What the task asks:
Where the data below shows a picture, leave that picture out and copy the rest exactly.

Exercise data:
######

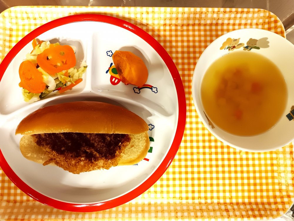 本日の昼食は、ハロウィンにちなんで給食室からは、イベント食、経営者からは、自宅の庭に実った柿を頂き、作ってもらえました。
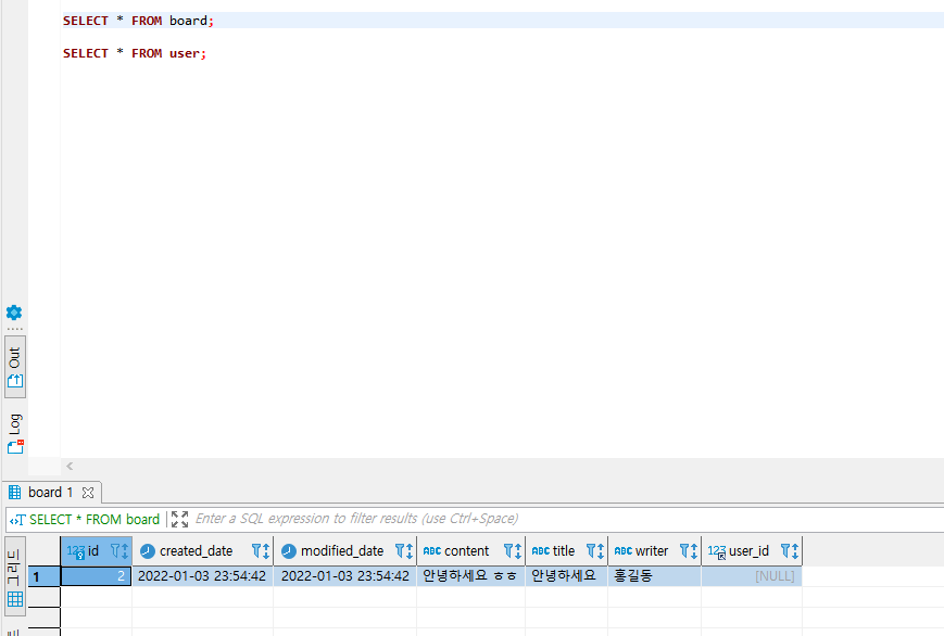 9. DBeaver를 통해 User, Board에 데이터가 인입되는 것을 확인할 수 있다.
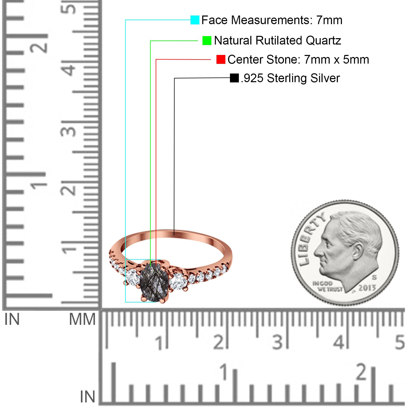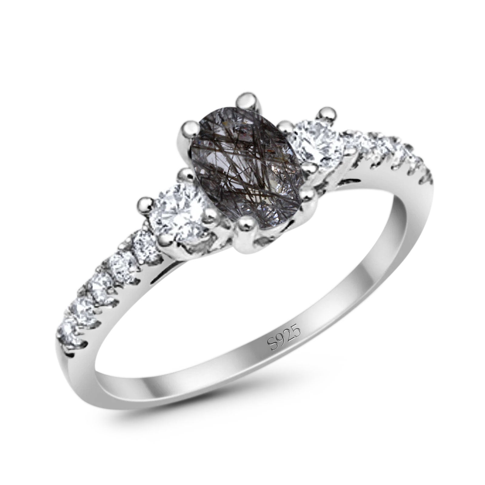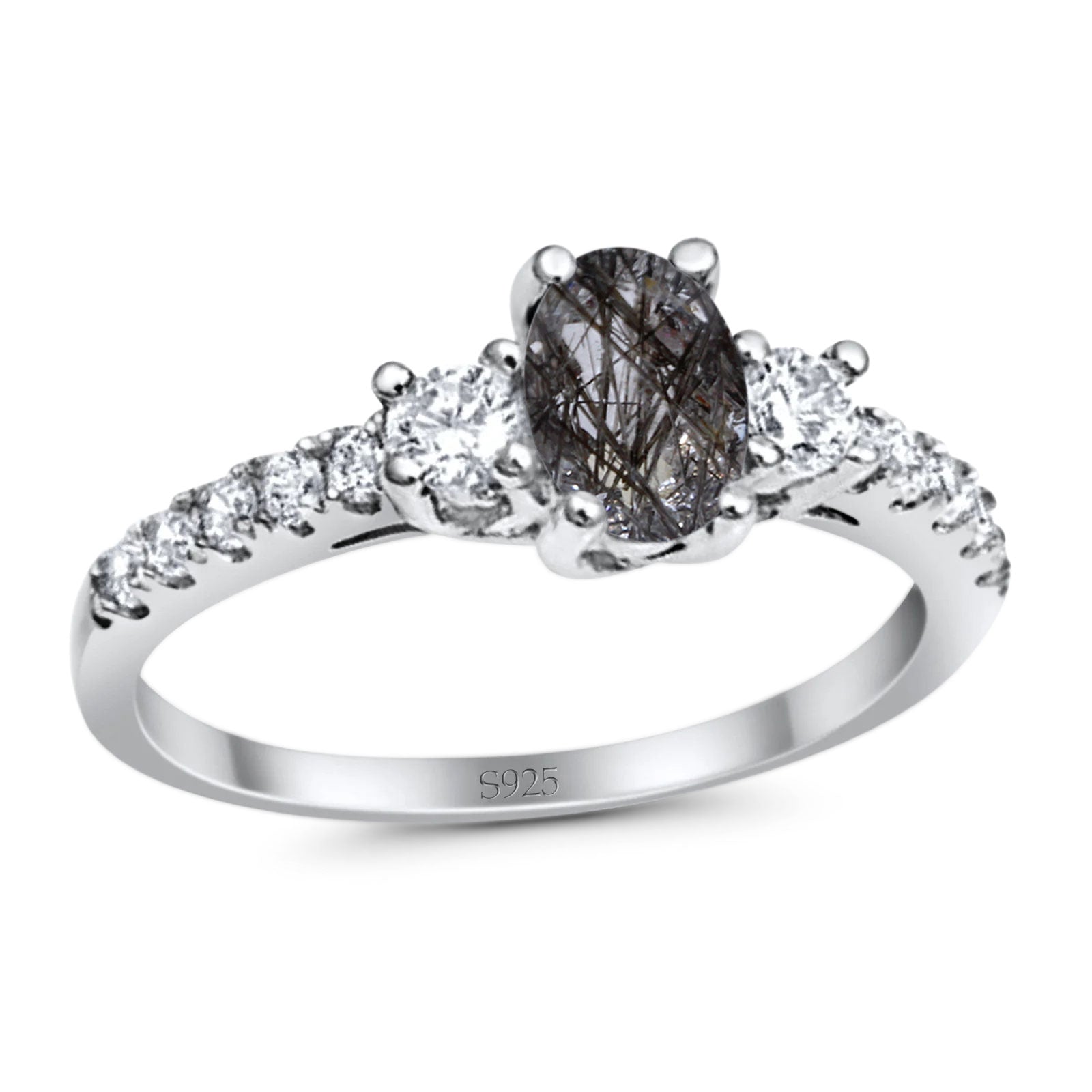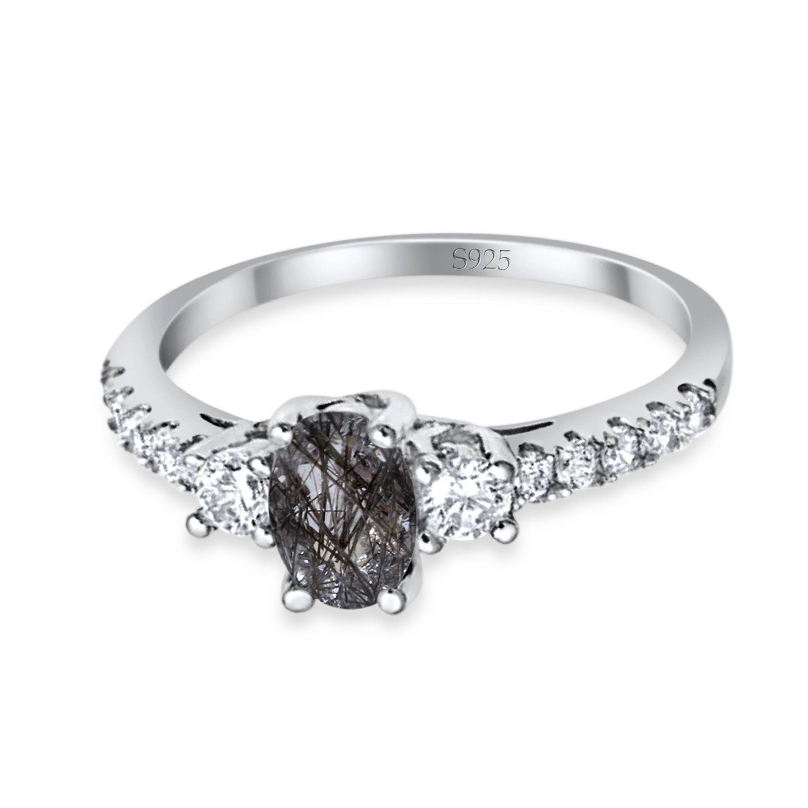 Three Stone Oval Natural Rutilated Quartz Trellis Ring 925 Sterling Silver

######

Response below:
 本日の昼食は、ハロウィンにちなんで給食室からは、イベント食、経営者からは、自宅の庭に実った柿を頂き、作ってもらえました。
 9. DBeaver를 통해 User, Board에 데이터가 인입되는 것을 확인할 수 있다.
 Three Stone Oval Natural Rutilated Quartz Trellis Ring 925 Sterling Silver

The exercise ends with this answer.